Repeat the data that follows, word for word, without the images.

··· Data provided

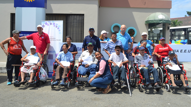 El Ministerio de Inclusión Económica y Social (MIES) en coordinación con el Club Rotario de La Puntilla entregó 31 sillas de ruedas a usuarios y usuarias del programa de discapacidad que desarrolla esta cartera de Estado en los cantones Guayaquil, Durán y Samborondón. La entrega se cumplió este lunes, 19 de julio, en la sede del Club Rotario.
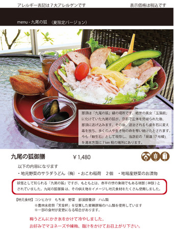 株式会社コールラビが運営する飲食店「那須高原バル」(栃木県那須町)の事業長 平山みゆき(取締役)は、同店にて、2022年7月16日(土)より九尾の狐御膳(夏バージョン)の販売を開始します。
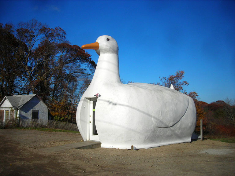 В начале 1930-х гг. владелец утиной фермы Мартин Маурер задумал построить здание магазина в виде огромной птицы. Вероятно, благодаря Роберту Вентури, использовавшему образ этого сооружения в своей теории о «зданиях-утках» и зданиях – «декорированных сараях», в 2008 г. простая и наивная железобетонная постройка включена в Национальный регистр достопримечательностей США.
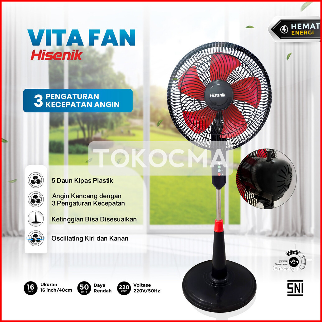 Hisenik Vita Fan Kipas Angin Berdiri 16inch Hks-16pl Stand Fan 5 Daun Kipas 3 Kecepatan Low Med High
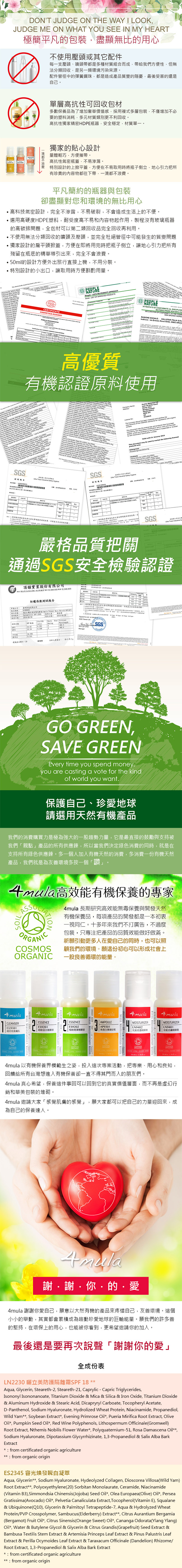 「曬立美防護隔離霜50ml+容光煥發瞬白凝萃50ml」1組 這個系列所使用的包材,看似平凡近於廉價,其實是精心挑選,無比用心。高科技氣密,完全不滲露。 選用高硬度HDPE塑料,製作時沒有玻璃瓶器的高碳排問題,而且可以以第二類回收品完全回收再利用。 沒有任何壓噴頭設計,不會造成份類回收的問題。獨家設計的扁平頭掀蓋,方便把瓶子倒立,讓地心引力把所有殘留在瓶底的精華完全給倒出來,不會浪費。
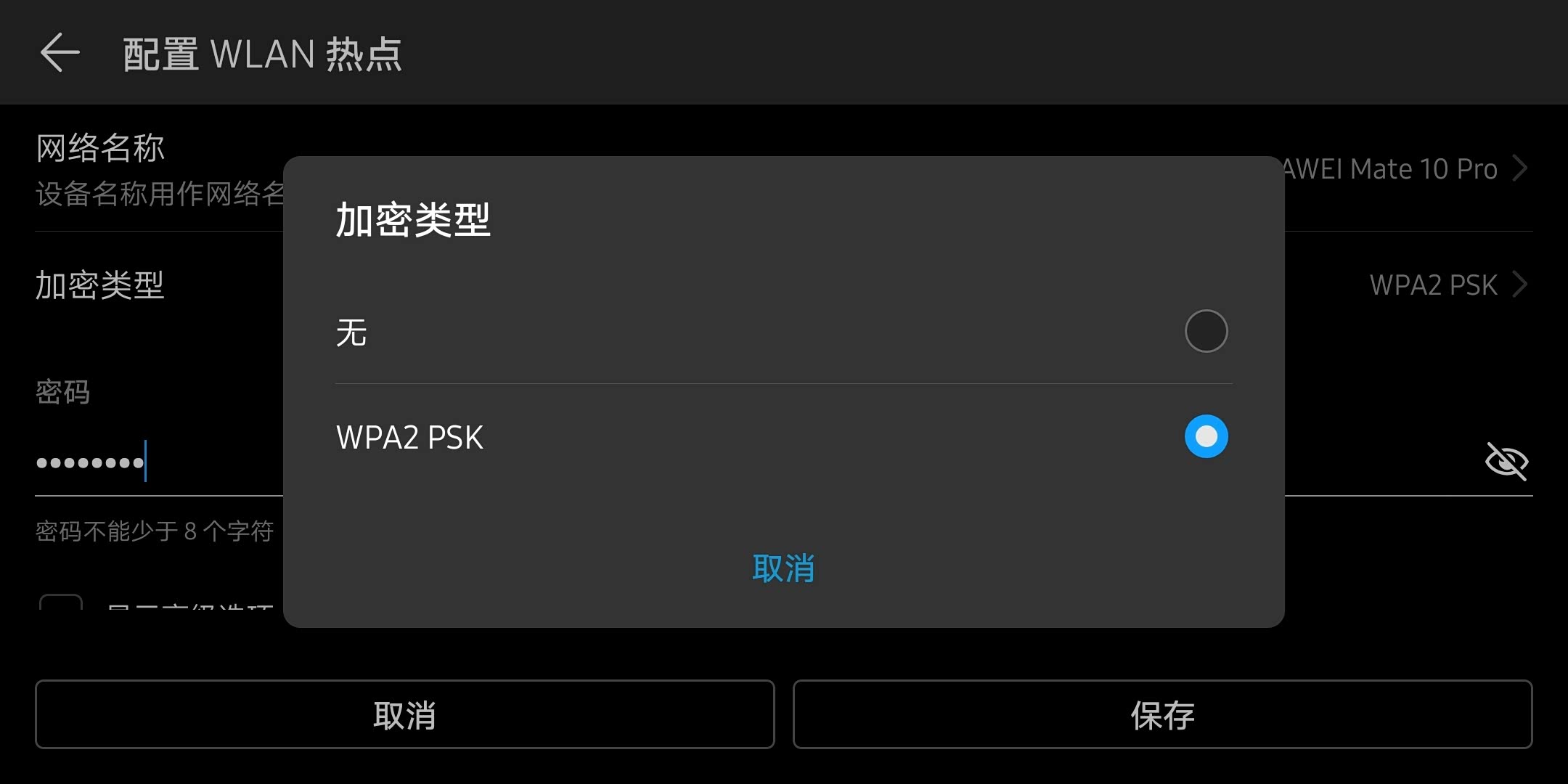 我的热点HUAWEI Mate 10…已在列表中,点击选择,需要输入刚刚你设置的密码,确定。
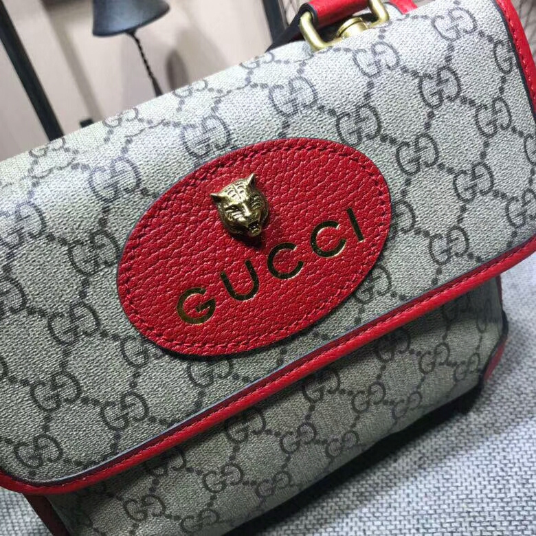 ovális Gucci bőrcímke fém macskafejjel >
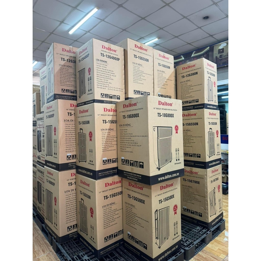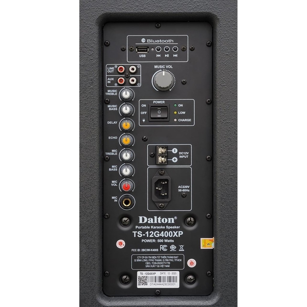 TS-12G400XP Công suất: 500W Bass loa: 12 inches Kích thước: (66 x 37.5 x 38.5) cm Trọng lượng: 28 kg ĐI KÈM MICRO KHÔNG DÂY Loa Dalton TS-12G400XP đi kèm là 02 micro không dây sóng UHF. Việc sử dụng tần số UHF giúp cho việc kết nối và truyền tín hiệu micro được chuẩn và ổn định hơn. 02 micro không dây được làm bằng chất liệu kim loại nguyên khối màu vàng lấp lánh mang đến nét thẩm mỹ và sang trọng. Đặc biệt micro không dây có khả năng chỉnh được 16 tần số kết nối. Việc này giúp cho loa tránh trường hợp trùng lặp tần số micro với các loa khác ở gần. CÔNG SUẤT MẠNH MẼ Loa kéo Karaoke Dalton với tổng công suất 500W, 1 loa Bass có đường kính 3 tấc (12 inches), 1 loa Treble 1.5 inches kết hợp họng còi lớn, loa 2 đường tiếng này phát ra âm thanh to rõ, vang dội nhưng vẫn đảm bảo được tính chi tiết, giúp bữa tiệc của bạn thêm phần sôi động hơn. Loa bass với củ từ lớn giúp đem lại tiếng trầm chắc và gọn, loa treble với thiết kế họng còi giúp cho tiếng ca trong trẻo và lan tỏa với không gian rộng. Đặc biệt mạch tạo tiếng vang ECHO được sử dụng IC 65831P của Nhật nên tiếng vang ECHO ấm và trong.
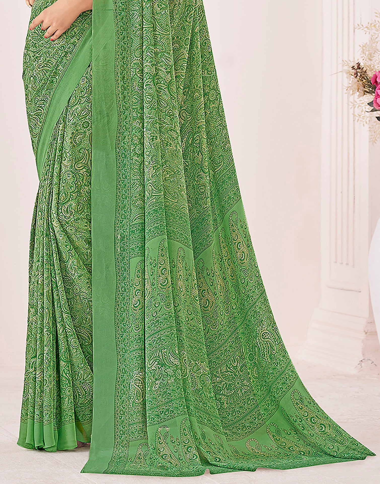 Green Georgette Printed Saree
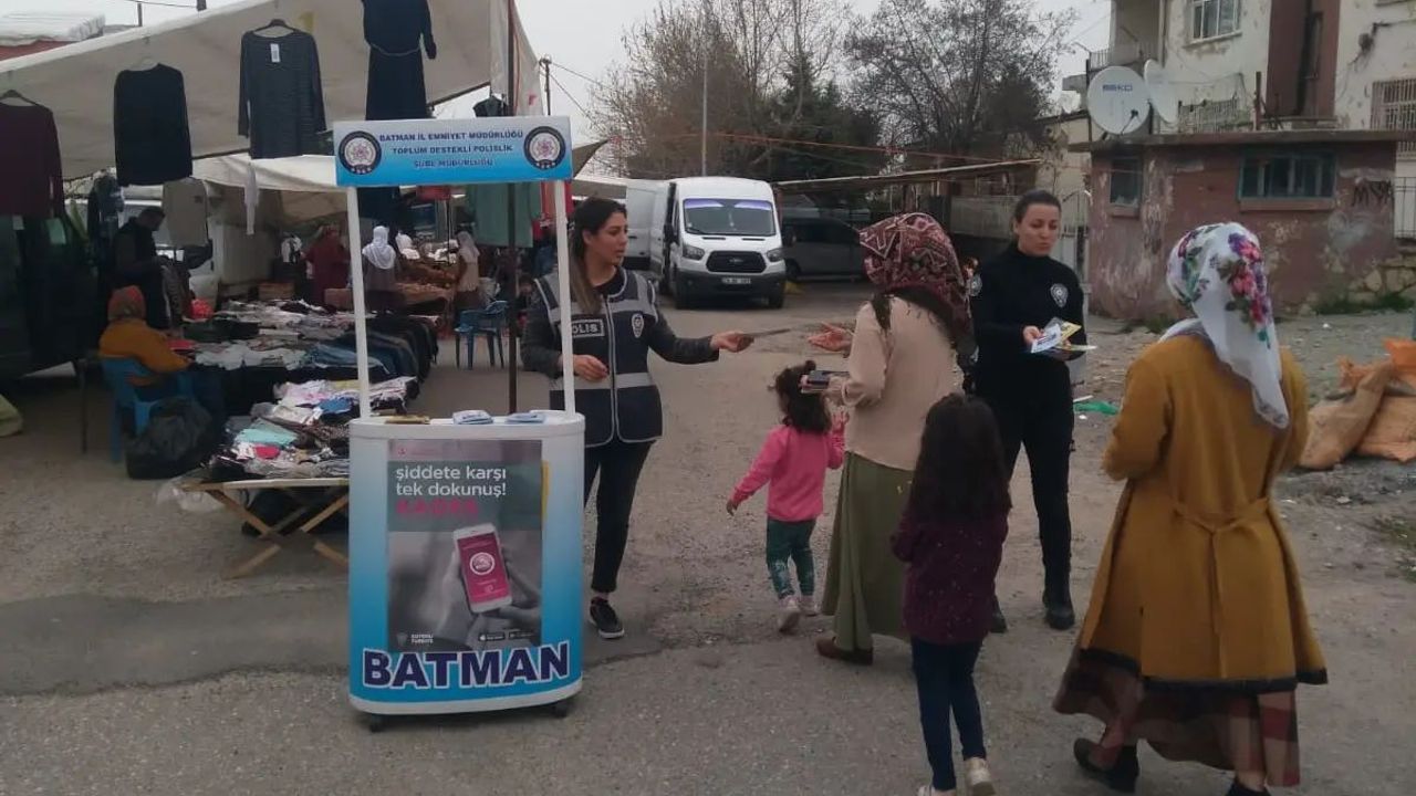 Beşiri İlçe Emniyet Amirliği ilçede kurulan pazar yerinde KADES (Kadın Destek) Uygulaması ve UYUMA (Uyuşturucuyla Mücadele Aplikasyonu) Projeleri hakkında bilgilendirme faaliyeti ve broşür dağıtımı gerçekleştirdi.
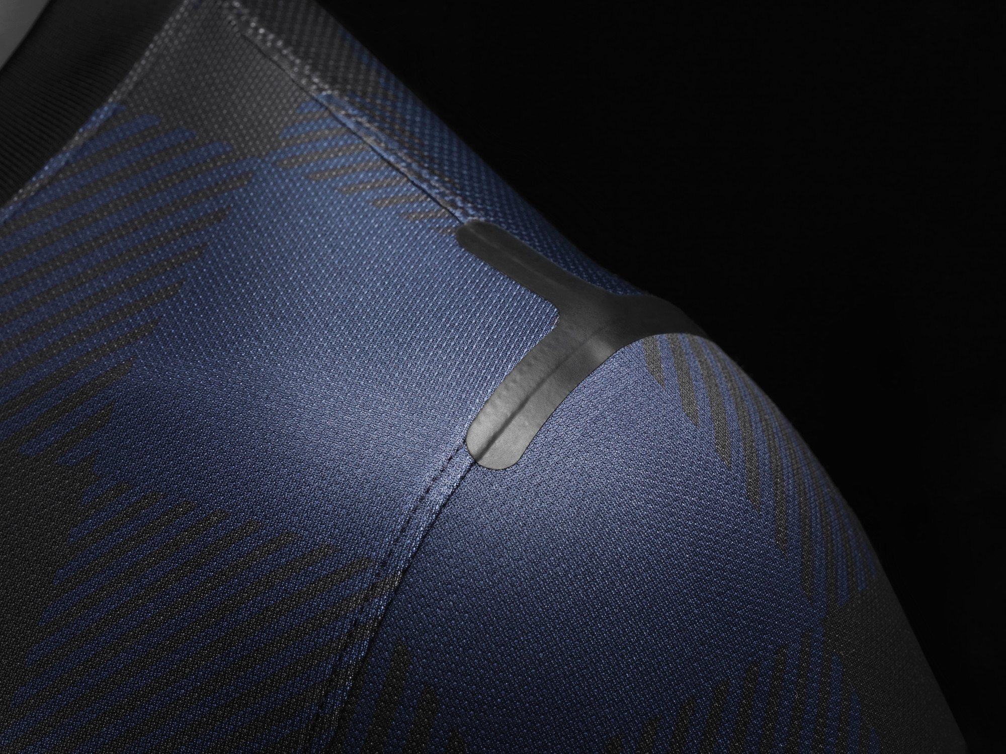 The club crest at the heart of the jersey is an embroidered monochromatic midnight navy and white.
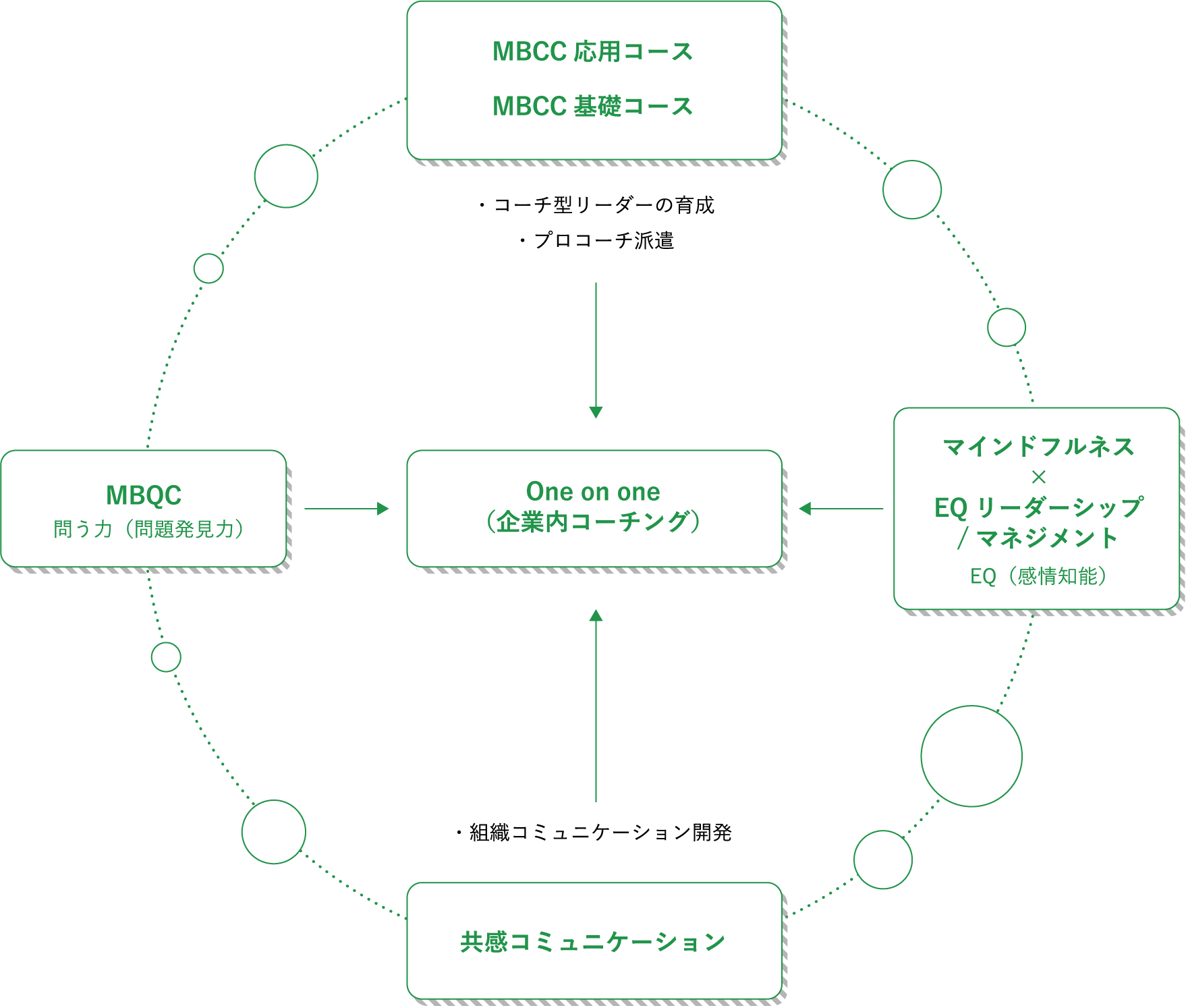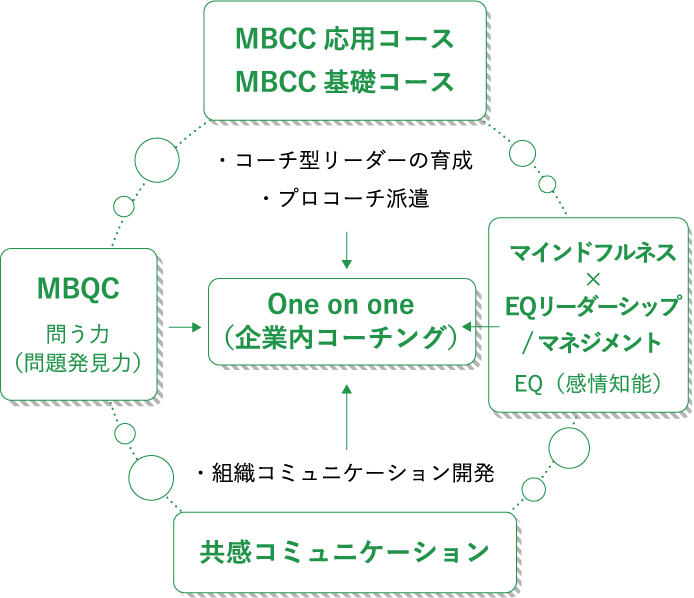 MBCCは基礎コース・応用コース(計125時間)のコーチング実践家養成プログラムを核とするコーチ育成、そのエッセンスを一般向けプログラムとした共感コミュニケーションを核とするコミュニケーション開発の2極があります。さらにこの2極からのアプローチを、効果的な面談の仕組化など企業内コーチングの導入と実践の支援に反映させています。また志を同じくするグローバルな組織と協力関係を結び、EQ(感情知能)やイノベーションの肝になる問う力(問題発見能力)の開発を推進しています。(EQは世界最大のEQトレーニング機関である6seconds、問う力の開発はRight Question Institute社)
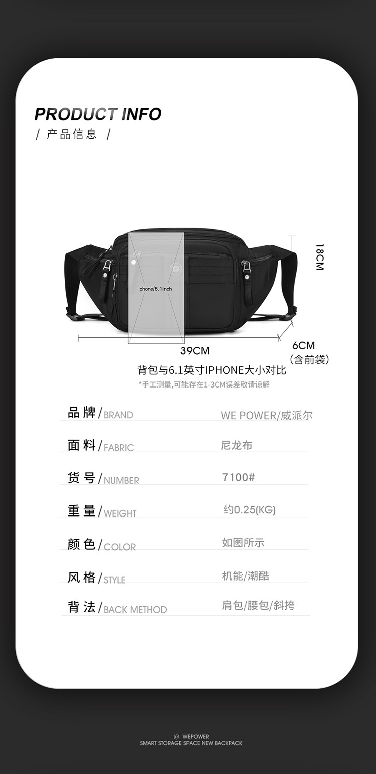 wepower nuevo tipo de bolso de cintura para hombres, mochila para montar al aire libre, mochila de hombro, bolso de pecho deportivo impermeable, ocio
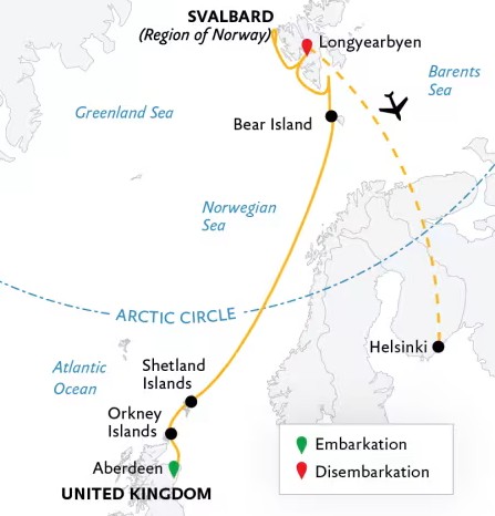 Aberdeen - Shetland Islands - Bear Island - West Spitsbergen - Longyearbyen - Helsinki (17 Days)
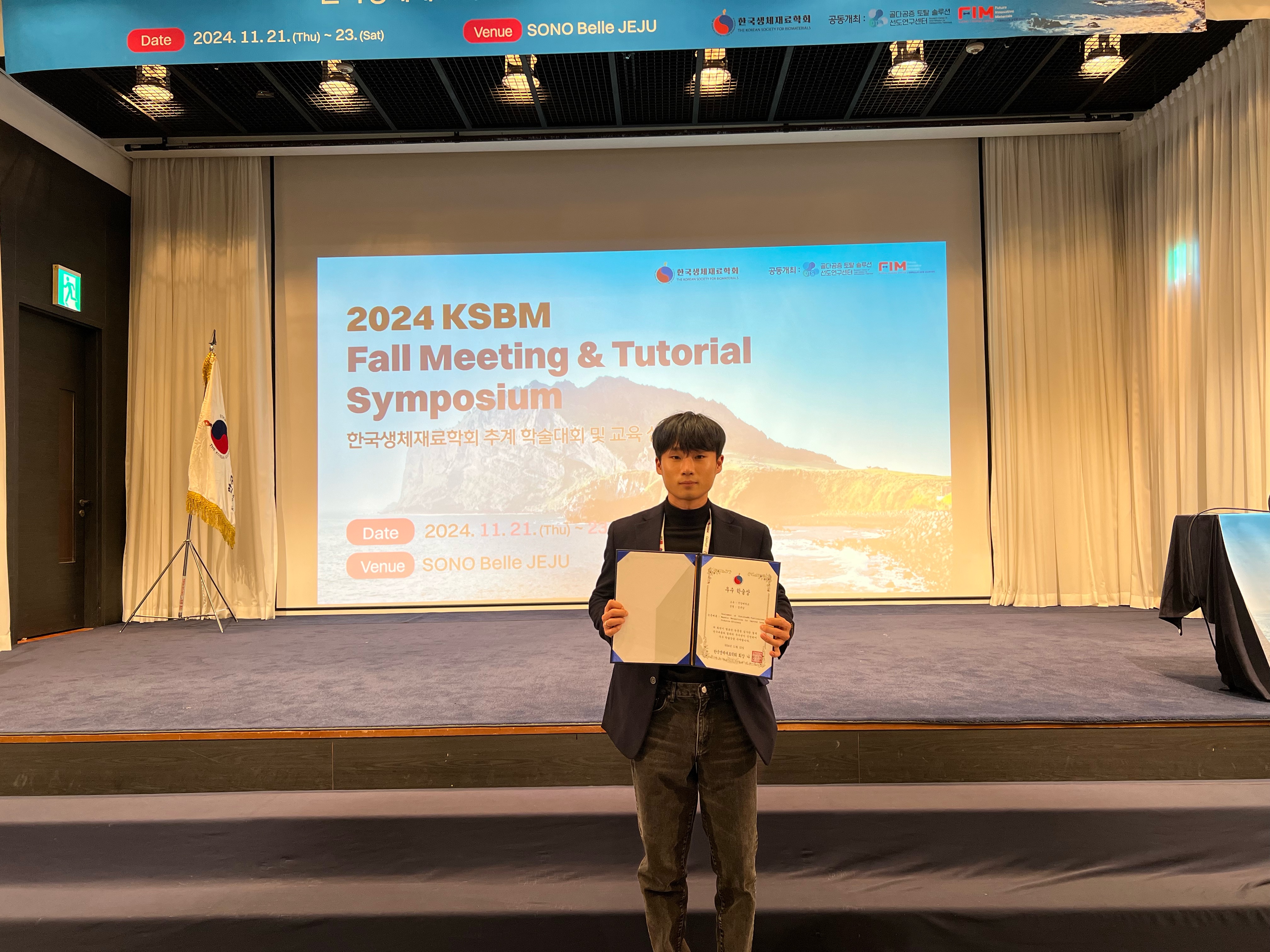 KSBM Fall Meeting & Tutorial Symposium 한국생체재료학회 추계 학술대회 및 교육 심포지엄 의료신소재학과 김규남 학생 Student Oral Competition (SOC) 우수상 수상 11.21~11.23(제주)

······

- _Result_:
 El Ministerio de Inclusión Económica y Social (MIES) en coordinación con el Club Rotario de La Puntilla entregó 31 sillas de ruedas a usuarios y usuarias del programa de discapacidad que desarrolla esta cartera de Estado en los cantones Guayaquil, Durán y Samborondón. La entrega se cumplió este lunes, 19 de julio, en la sede del Club Rotario.
 株式会社コールラビが運営する飲食店「那須高原バル」(栃木県那須町)の事業長 平山みゆき(取締役)は、同店にて、2022年7月16日(土)より九尾の狐御膳(夏バージョン)の販売を開始します。
 В начале 1930-х гг. владелец утиной фермы Мартин Маурер задумал построить здание магазина в виде огромной птицы. Вероятно, благодаря Роберту Вентури, использовавшему образ этого сооружения в своей теории о «зданиях-утках» и зданиях – «декорированных сараях», в 2008 г. простая и наивная железобетонная постройка включена в Национальный регистр достопримечательностей США.
 Hisenik Vita Fan Kipas Angin Berdiri 16inch Hks-16pl Stand Fan 5 Daun Kipas 3 Kecepatan Low Med High
 「曬立美防護隔離霜50ml+容光煥發瞬白凝萃50ml」1組 這個系列所使用的包材,看似平凡近於廉價,其實是精心挑選,無比用心。高科技氣密,完全不滲露。 選用高硬度HDPE塑料,製作時沒有玻璃瓶器的高碳排問題,而且可以以第二類回收品完全回收再利用。 沒有任何壓噴頭設計,不會造成份類回收的問題。獨家設計的扁平頭掀蓋,方便把瓶子倒立,讓地心引力把所有殘留在瓶底的精華完全給倒出來,不會浪費。
 我的热点HUAWEI Mate 10…已在列表中,点击选择,需要输入刚刚你设置的密码,确定。
 ovális Gucci bőrcímke fém macskafejjel >
 TS-12G400XP Công suất: 500W Bass loa: 12 inches Kích thước: (66 x 37.5 x 38.5) cm Trọng lượng: 28 kg ĐI KÈM MICRO KHÔNG DÂY Loa Dalton TS-12G400XP đi kèm là 02 micro không dây sóng UHF. Việc sử dụng tần số UHF giúp cho việc kết nối và truyền tín hiệu micro được chuẩn và ổn định hơn. 02 micro không dây được làm bằng chất liệu kim loại nguyên khối màu vàng lấp lánh mang đến nét thẩm mỹ và sang trọng. Đặc biệt micro không dây có khả năng chỉnh được 16 tần số kết nối. Việc này giúp cho loa tránh trường hợp trùng lặp tần số micro với các loa khác ở gần. CÔNG SUẤT MẠNH MẼ Loa kéo Karaoke Dalton với tổng công suất 500W, 1 loa Bass có đường kính 3 tấc (12 inches), 1 loa Treble 1.5 inches kết hợp họng còi lớn, loa 2 đường tiếng này phát ra âm thanh to rõ, vang dội nhưng vẫn đảm bảo được tính chi tiết, giúp bữa tiệc của bạn thêm phần sôi động hơn. Loa bass với củ từ lớn giúp đem lại tiếng trầm chắc và gọn, loa treble với thiết kế họng còi giúp cho tiếng ca trong trẻo và lan tỏa với không gian rộng. Đặc biệt mạch tạo tiếng vang ECHO được sử dụng IC 65831P của Nhật nên tiếng vang ECHO ấm và trong.
 Green Georgette Printed Saree
 Beşiri İlçe Emniyet Amirliği ilçede kurulan pazar yerinde KADES (Kadın Destek) Uygulaması ve UYUMA (Uyuşturucuyla Mücadele Aplikasyonu) Projeleri hakkında bilgilendirme faaliyeti ve broşür dağıtımı gerçekleştirdi.
 The club crest at the heart of the jersey is an embroidered monochromatic midnight navy and white.
 MBCCは基礎コース・応用コース(計125時間)のコーチング実践家養成プログラムを核とするコーチ育成、そのエッセンスを一般向けプログラムとした共感コミュニケーションを核とするコミュニケーション開発の2極があります。さらにこの2極からのアプローチを、効果的な面談の仕組化など企業内コーチングの導入と実践の支援に反映させています。また志を同じくするグローバルな組織と協力関係を結び、EQ(感情知能)やイノベーションの肝になる問う力(問題発見能力)の開発を推進しています。(EQは世界最大のEQトレーニング機関である6seconds、問う力の開発はRight Question Institute社)
 wepower nuevo tipo de bolso de cintura para hombres, mochila para montar al aire libre, mochila de hombro, bolso de pecho deportivo impermeable, ocio
 Aberdeen - Shetland Islands - Bear Island - West Spitsbergen - Longyearbyen - Helsinki (17 Days)
 KSBM Fall Meeting & Tutorial Symposium 한국생체재료학회 추계 학술대회 및 교육 심포지엄 의료신소재학과 김규남 학생 Student Oral Competition (SOC) 우수상 수상 11.21~11.23(제주)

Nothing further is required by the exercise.